Your instructions: Reproduce only the lines of the material below that start at the line containing "Mit dem Anstieg" and stop at the line containing "Σετ Τρυπάνια Ξύλου". Keep both end lines.

Record set:
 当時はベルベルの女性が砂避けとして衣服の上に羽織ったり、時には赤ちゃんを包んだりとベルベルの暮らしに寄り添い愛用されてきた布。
* * *
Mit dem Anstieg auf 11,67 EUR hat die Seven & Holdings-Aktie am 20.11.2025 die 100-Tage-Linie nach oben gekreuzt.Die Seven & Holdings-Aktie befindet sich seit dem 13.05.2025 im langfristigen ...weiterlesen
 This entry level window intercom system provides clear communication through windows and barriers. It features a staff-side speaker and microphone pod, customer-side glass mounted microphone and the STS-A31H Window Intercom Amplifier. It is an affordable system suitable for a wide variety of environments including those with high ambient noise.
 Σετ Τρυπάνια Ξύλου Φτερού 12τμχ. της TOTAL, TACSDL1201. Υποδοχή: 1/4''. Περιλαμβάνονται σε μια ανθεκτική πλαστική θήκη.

Exercise answer:
Mit dem Anstieg auf 11,67 EUR hat die Seven & Holdings-Aktie am 20.11.2025 die 100-Tage-Linie nach oben gekreuzt.Die Seven & Holdings-Aktie befindet sich seit dem 13.05.2025 im langfristigen ...weiterlesen
 This entry level window intercom system provides clear communication through windows and barriers. It features a staff-side speaker and microphone pod, customer-side glass mounted microphone and the STS-A31H Window Intercom Amplifier. It is an affordable system suitable for a wide variety of environments including those with high ambient noise.
 Σετ Τρυπάνια Ξύλου Φτερού 12τμχ. της TOTAL, TACSDL1201. Υποδοχή: 1/4''. Περιλαμβάνονται σε μια ανθεκτική πλαστική θήκη.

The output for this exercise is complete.